- 『完全なる報復』『十三人の刺客』

2011/07/18/Mon.『完全なる報復』『十三人の刺客』

レンタル DVD で『完全なる報復』『十三人の刺客』を観た。面白かったが、それだけともいえる。そんなことは観る前からわかっていて、これらの作品に限った話でもない。映画を観るときは暇潰しと割り切っているので、退屈さえしなければ上出来と思っている。

なぜ映画に期待ができないのかといえば、尖った作品がほとんどないからである。なぜ作品が尖らないのかといえば、多数の観客を動員するために最大公約数的なストーリーや映像しか使えないからである。なぜ多数の観客を動員しなければならないのかといえば、制作や配給に費やした膨大な金額を回収せねばならないからである。なぜ多額の金銭を要するのかといえば、撮影に時間と人手が必要だからである。

これでは、基本的に個人の作品である小説や漫画に、尖り具合で勝てるはずがない。

映画の原作に小説や漫画がよく使われるのは、ひょっとしたら上記のような理屈が関係しているのかもしれない。監督は尖った作品が撮りたいと思う。しかしオリジナルの尖った作品ではヒットするかどうかわからない。それでは金も人も集まらぬ。そこで——、自分が撮りたいと思う尖り方をしている小説や漫画を拝借する。原作があるということで、資金と観客は集めやすくなる。原作に対する最低限の義務を果たせば、残りの部分は自分のやりたいことをやればよろしい。そんなところではないか。知らないけど。

映画の撮影・編集・CG・配信については、PC を始めとするデジタル機材とインターネットの進歩によって、個人でも充分に実現できるようになった。映画を尖らせるにあたってのボトルネックは、演者とロケ資金だろう。演者については、その内に安く調達できるようになるかもしれない。声だけなら、声優志望者などに安価で発注することが今でも可能である。ネット声優が存在するなら、ネット俳優も出てくるだろう(もう誕生しているのかもしれない)。

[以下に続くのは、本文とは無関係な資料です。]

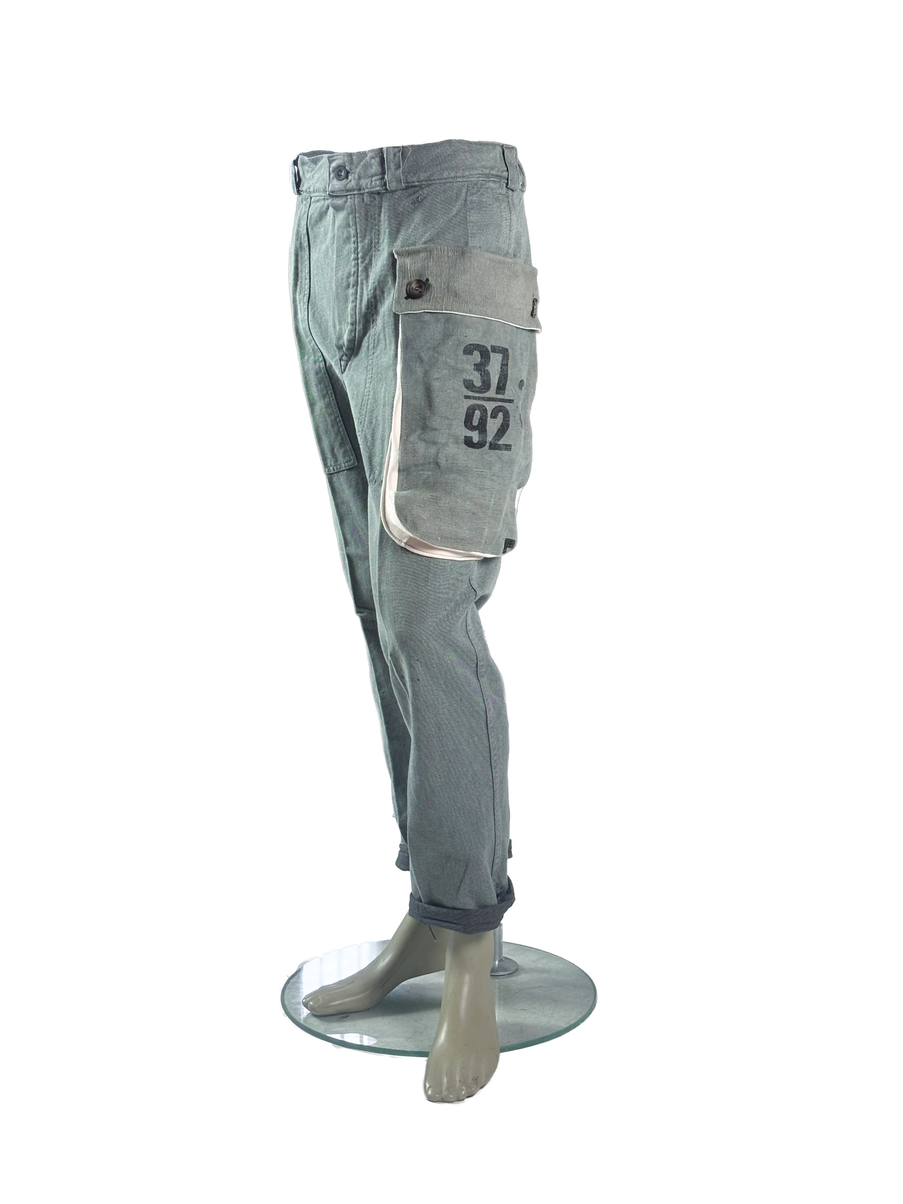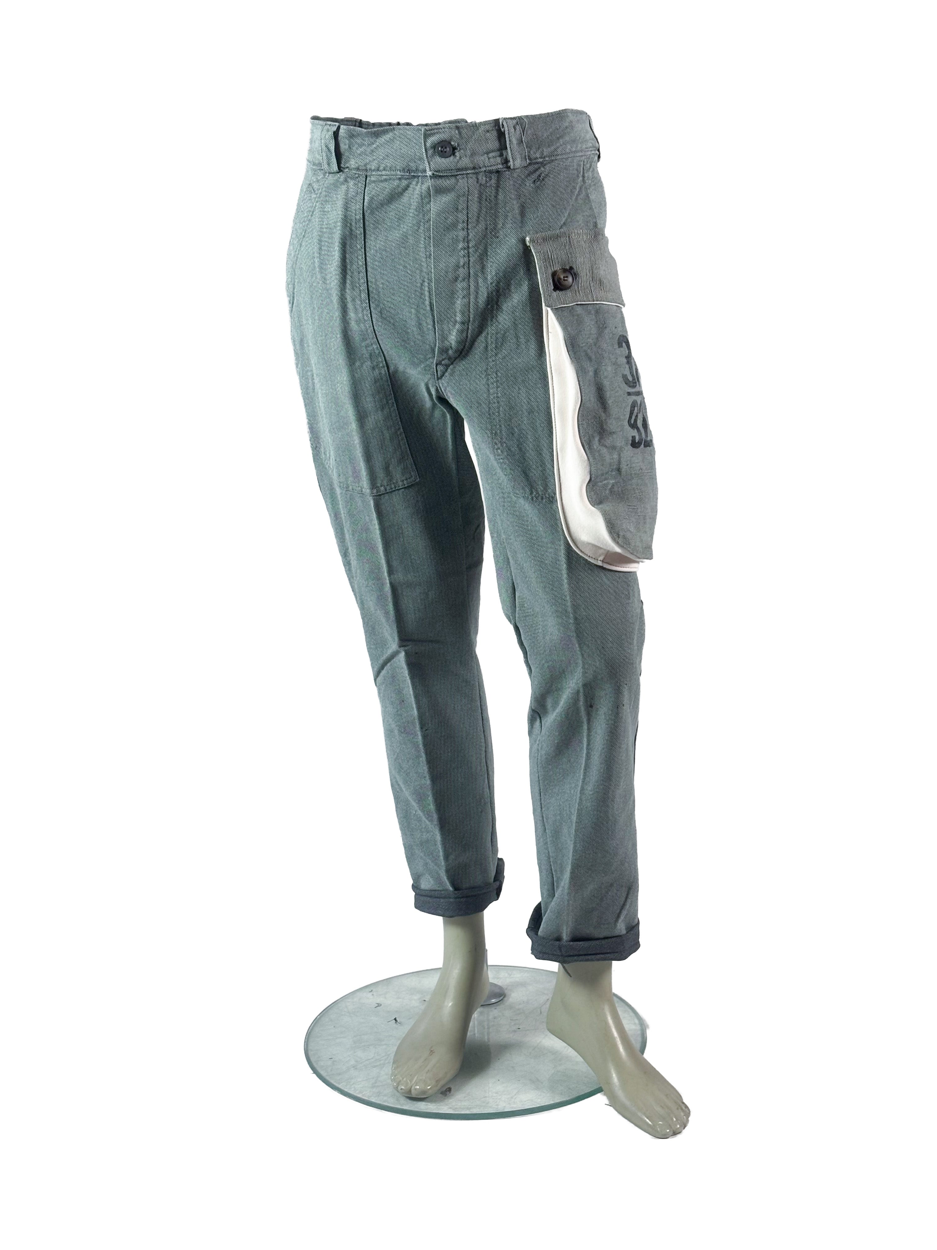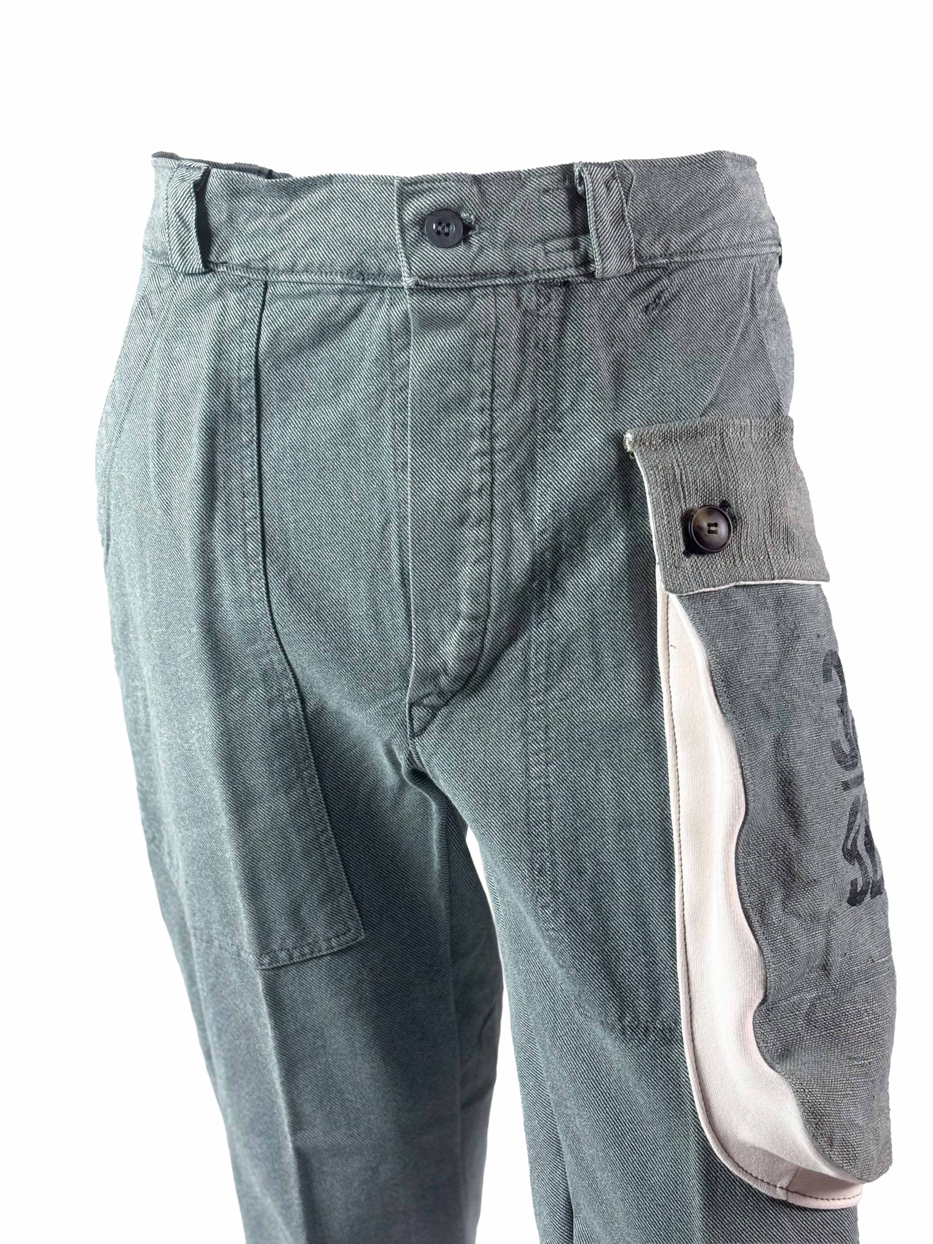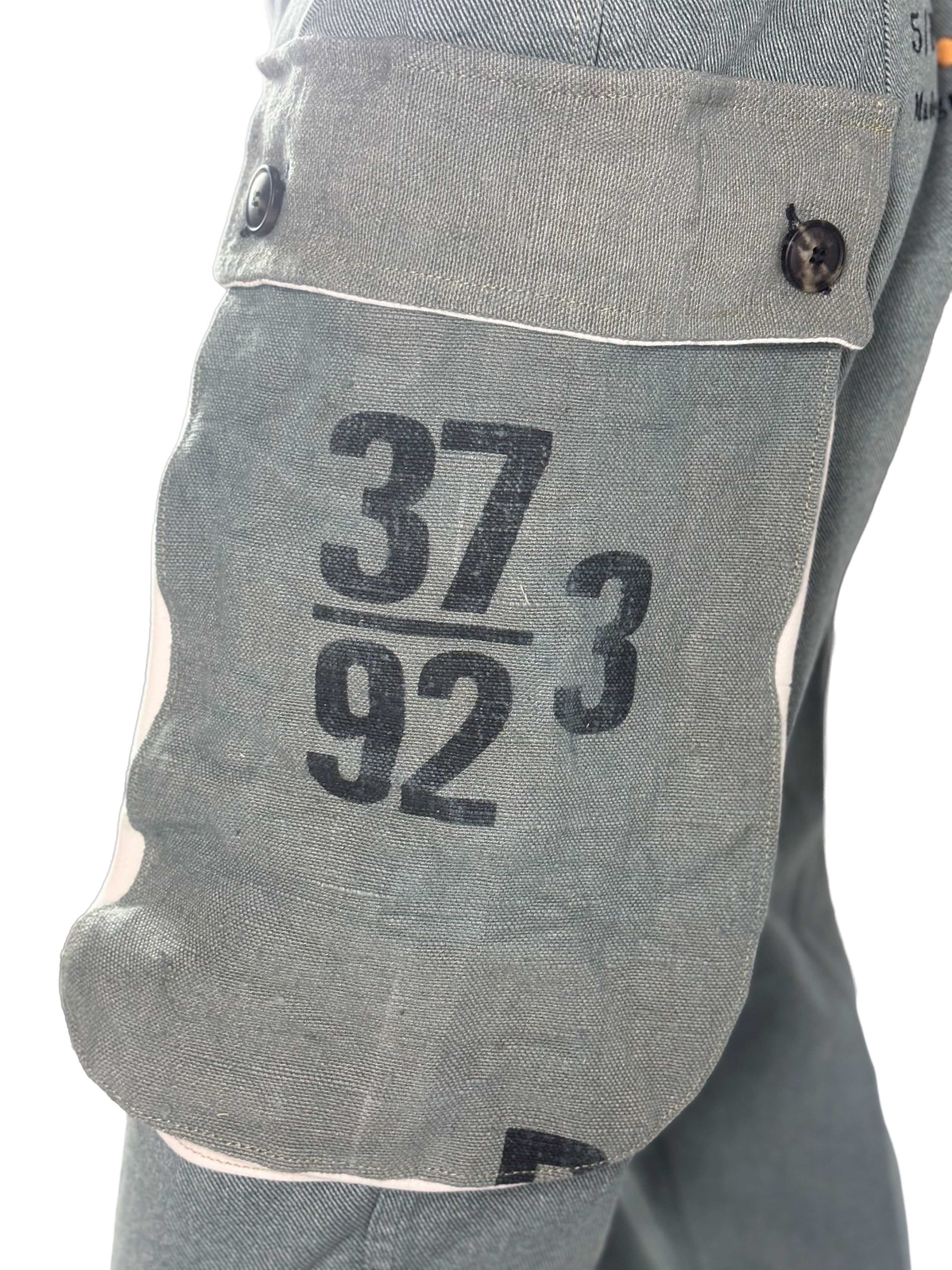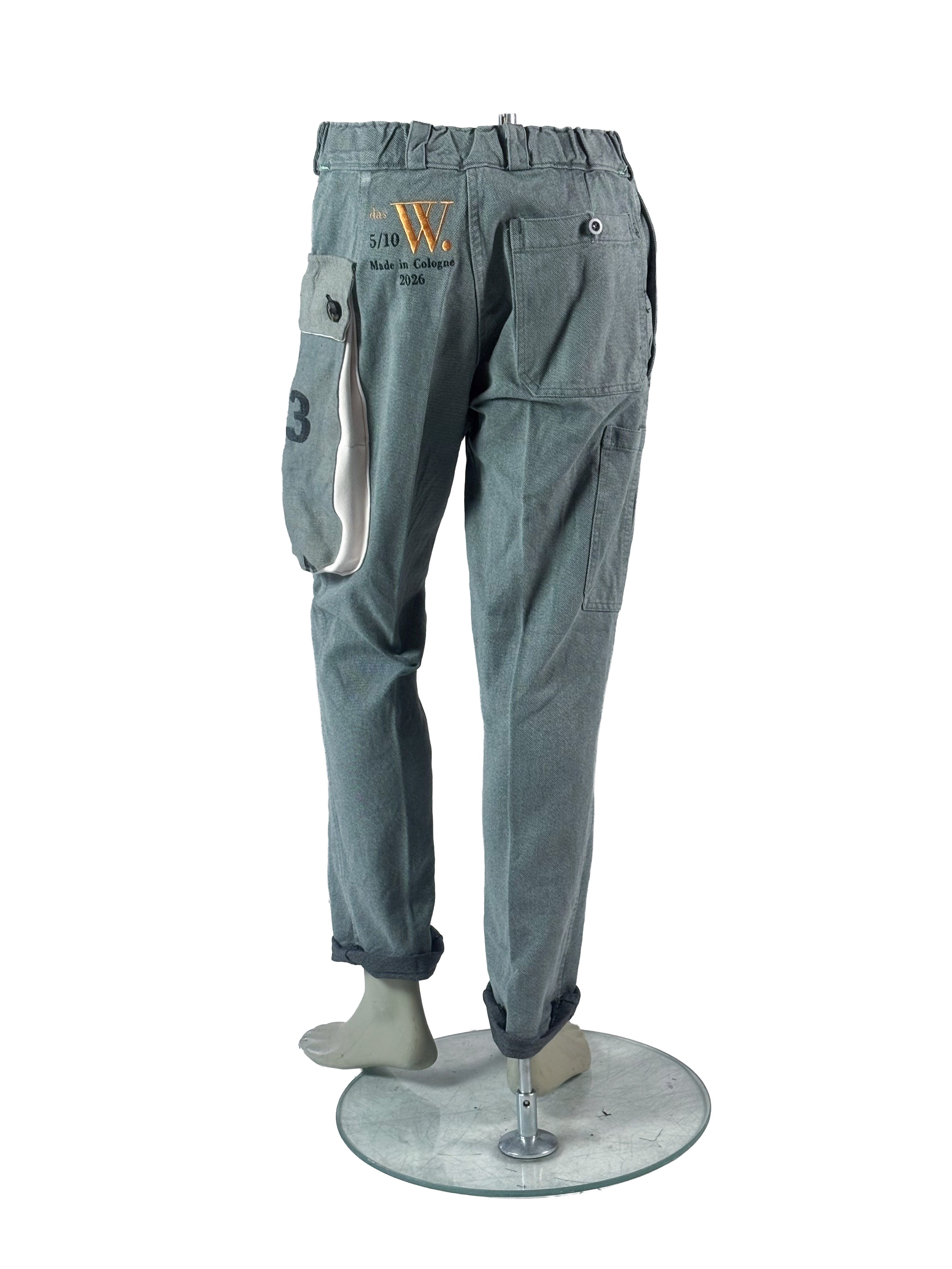 A central design element is the cargo pocket construction. The large applied pockets are made either from vintage post sack fabrics from before the fall of the Berlin Wall or from sturdy linen. Depending on the individual piece, the pockets appear on one side or on both legs, subtly changing the balance and character of each trouser.
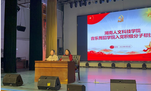 为把好大学生党员发展的入口关、质量关,进一步提高学生入党积极分子的政治觉悟、树立坚定理想信念,2023年3月2日,音乐舞蹈学院党总支在音乐厅启动新学期入党积极分子帮扶活动,学院党总支书记刘纲华、副书记邓莉立、学生第二党支部书记朱燕聪、学生第三党支部书记唐太文以及全体在校学生正式党员、预备党员、入党积极分子参加。活动由唐太文主持。
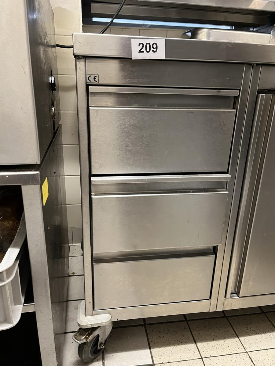 Edelstahl Arbeitstisch mit Rollen 3 Laden und 1 Flügeltüre ca.100/70/90 cm?d=2026-03-09 21:33:28
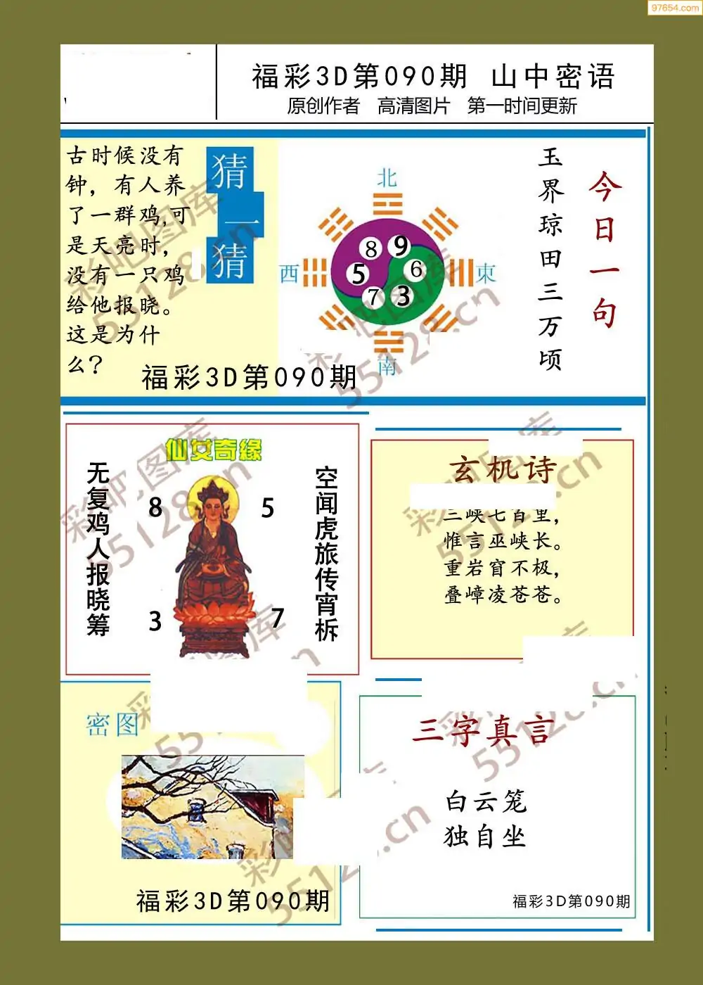 福彩3D26090期蓝仙子一句定三码图谜
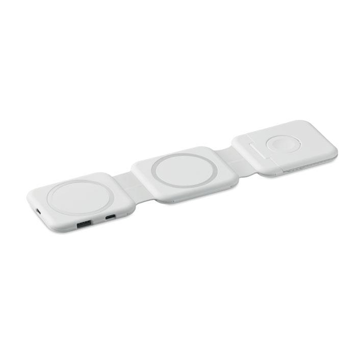 Elevate your brand with this versatile foldable charging station, perfect for marketing professionals and event organizers seeking high-impact promotional gifts. Crafted from durable ABS with magnetic design for secure device placement, it features three wireless charging spots: a powerful 15W spot for smartphones, a 5W option ideal for TWS earbuds, and a dedicated 3W charger for Apple Watch.
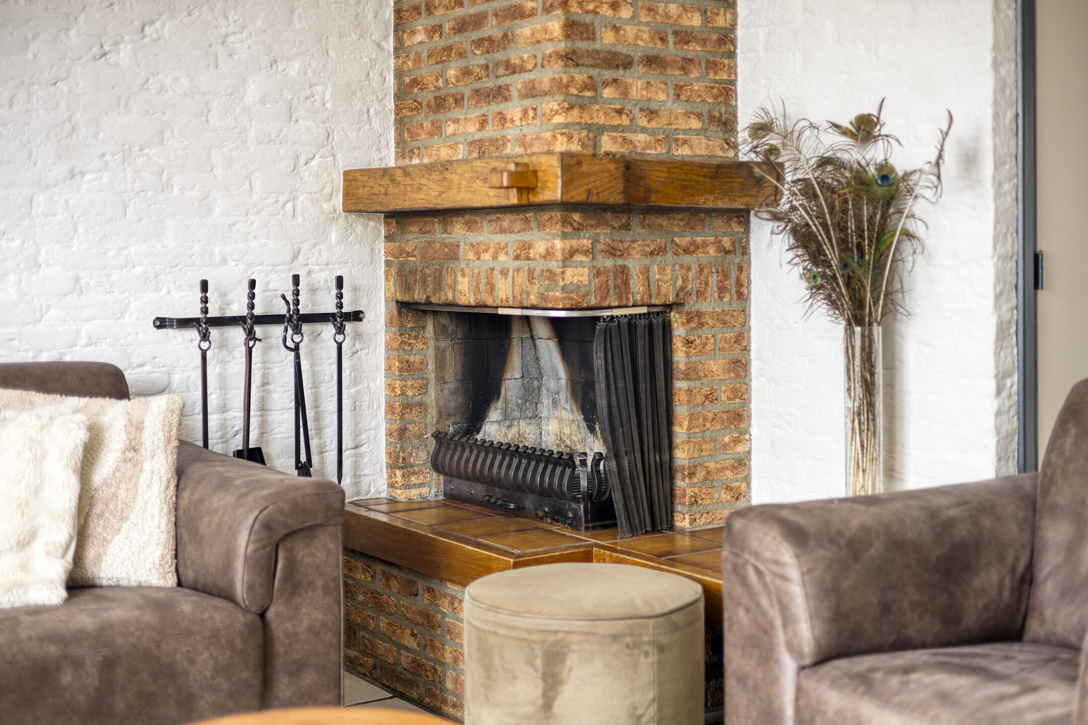 – Sfeervolle open haard in de woonkamer.

流通している映画には色々と不満があるが、それは可能性が活かされ切れていない(ように思える)からである。上述のように、演者にさえ拘らなければ、もっと様々な展望があるような気がしてならない。演者がどうでも良い映画なんて!という意見もあるだろうが、文章がマズい小説や、絵が下手糞な漫画——それでいて面白く、売れている——は沢山ある。

日本のテレビは間もなく崩壊するだろうが、在野やアマチュアが活性化する良い機会になると期待している。